А кто сказал, что я хочу вернуться к прежней жизни? Ведь фактически ее не осталось.
Молча киваю, и Михаэль, облегченно выдохнув, продолжает:
— И еще, мы нашли приблизительное место, где находится его дом в Миннесоте. Учитывая твои показания, он может находиться здесь, здесь или здесь, — Михаэль раскладывает передо мной карту и показывает ручкой на поделенную на квадраты территорию. — Полиция работает над этим. А вот здесь находится кафе, где вы были. Как жаль, что данные убийства не связали с ним, ведь его почерк просматривается в убийстве Эмили Уилсон и Дайта Винера — колотая рана между третьим и четвертым ребрами, приведшая к мгновенной смерти. Если бы мы знали, что Атланта лишь территория охоты, а не постоянное место жительства, то...

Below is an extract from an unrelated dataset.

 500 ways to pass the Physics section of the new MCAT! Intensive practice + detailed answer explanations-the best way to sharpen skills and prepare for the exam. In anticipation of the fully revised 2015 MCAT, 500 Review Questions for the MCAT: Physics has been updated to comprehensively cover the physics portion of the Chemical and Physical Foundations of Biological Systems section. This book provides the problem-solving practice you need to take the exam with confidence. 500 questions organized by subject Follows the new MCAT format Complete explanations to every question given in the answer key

— То ничего бы не изменилось, потому что он обвел бы вас вокруг пальца, — я перебиваю его, почти со злостью, потому что это не они прекратили убийства и потому что оказались бесполезны в борьбе с тобой. Ты, как хитрый лис, водил их за нос и спокойно жил в дали от города, где они искали тебя, даже не подозревая, как далеко от них ты находишься. Михаэль не отвечает на мой сарказм, лишь поджимает губы и чикает ручкой, то впуская, то выпуская кончик стержня. И пока он пережидает мою вспышку злости, я отмечаю про себя, что его внешность типична для его работы, и если бы мы встретились где-нибудь в толпе, по чистой случайности, я бы наверняка смогла определить род его занятий. Он всегда выглядит усталым, хоть и старается замаскировать это под вполне ухоженным видом: уложенными волосами и легкой небритостью, за которой явно следит. Чистая рубашка и неизменный пиджак, плюс ненавязчивый парфюм и чистые, ровно подстриженные ногти. Вот только тени под глазами и усталость во взгляде выдают его с головой — он не спит ночами, чтобы собрать все пазлы воедино и распутать клубок твоих преступлений.

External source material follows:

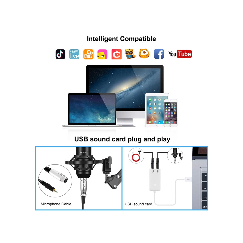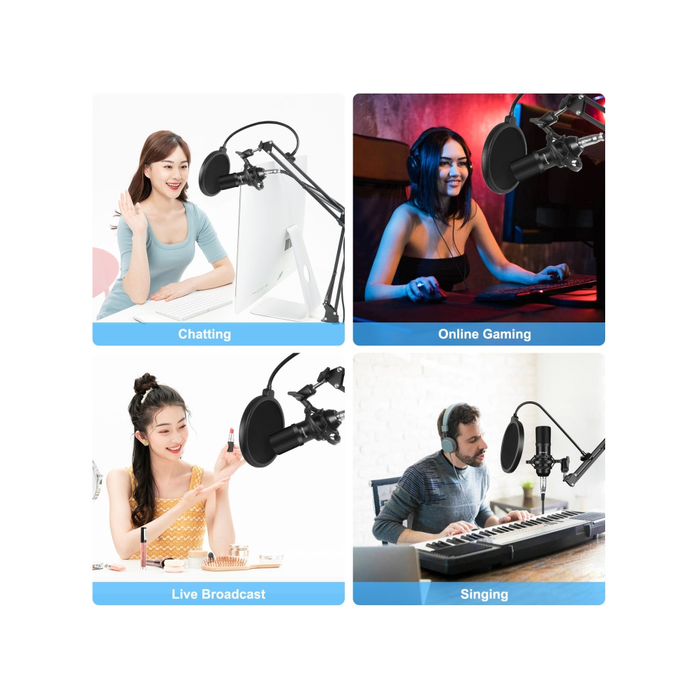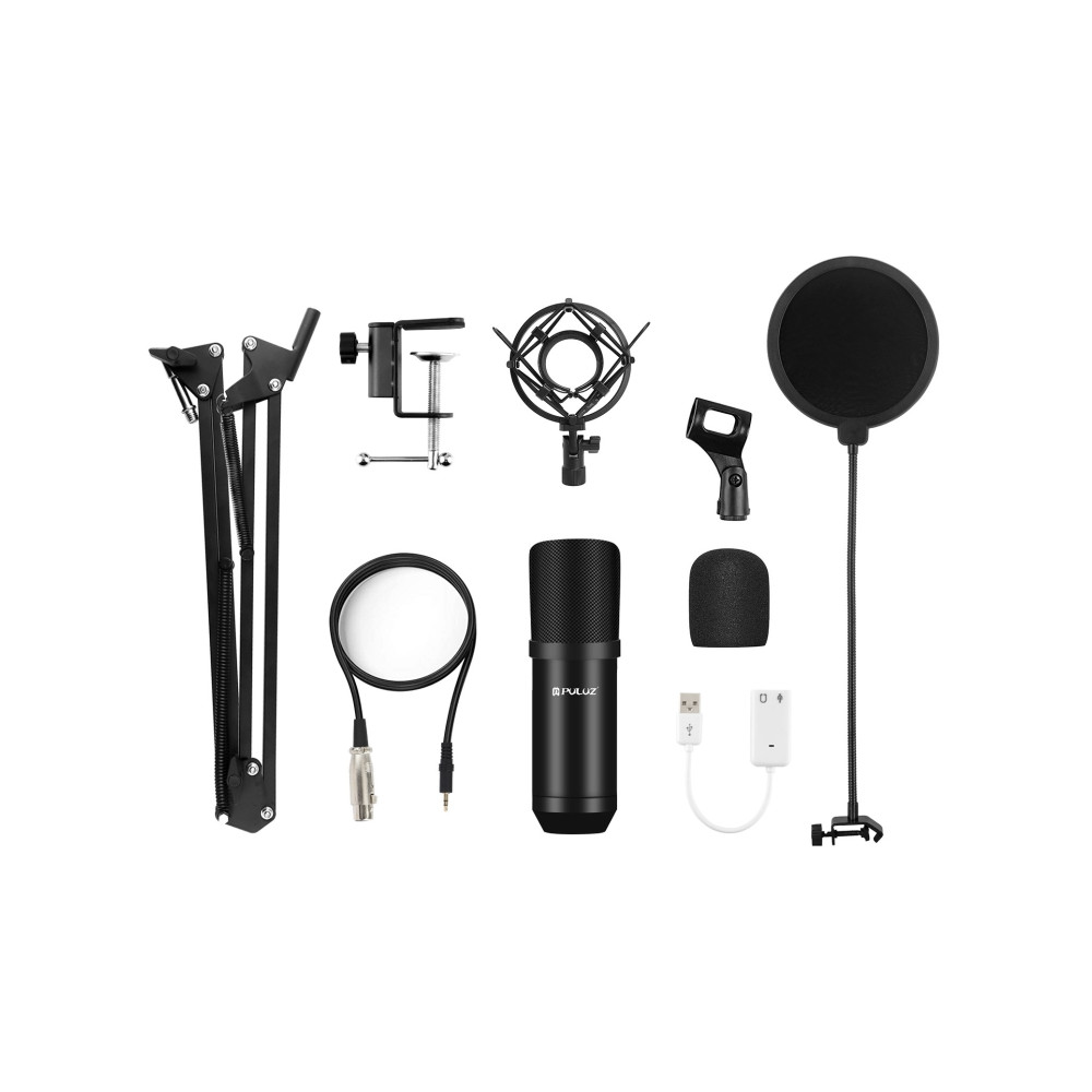1. Profesionální vybavení nahrávacího studia: Vybaveno tímto mikrofonem, držákem na tlumiče, pop filtrem, mikrofonem nastavitelným stojanem na zavěšení nůžek, pěnovým uzávěrem proti větru, napájecím kabelem, zvukovou kartou

Михаэль очень любит кофе и при нашей встрече успевает выпить несколько стаканчиков, которые, благодаря мне, встают в ровный ряд где-нибудь на краю стола.
Михаэль любит детали, поэтому при разговоре с ним я слежу за каждым своим словом, иначе он узнает намного больше, чем мне хотелось бы рассказать.
Некоторые наши тайны должны оставаться только нашими тайнами, поэтому, когда он наконец задает вопрос, я говорю не всю правду.
— Ок, Кейт, давай приступим к самому главному. Я хочу знать, что было после Миннесоты. Вы вернулись назад?
Твои теплые пальцы переплетаются с моими и ты тянешь меня за собой, увлекая в лабиринт коридоров и останавливаясь перед смутно знакомой металлической дверью. От нее веет холодом и, когда ты нажимаешь на ручку, я судорожно выдыхаю, вспоминая это место. Тебе приходится приложить усилие, чтобы заставить меня переступить порог, поэтому твой взгляд темнеет и мелькнувшая в нем злость призывает меня к покорности. Я послушно захожу внутрь, обреченно глядя на распластанную на анатомическом столе девушку, и, встав там, где ты меня оставил, жду, когда ты наденешь халат. Холод пробирается под одежду, покрывает кожу невидимыми путами и вызывает дрожь наряду с тошнотой — лежащая девушка кажется спящей и только лишь замершая грудная клетка доказывает тот факт, что она все-таки мертва.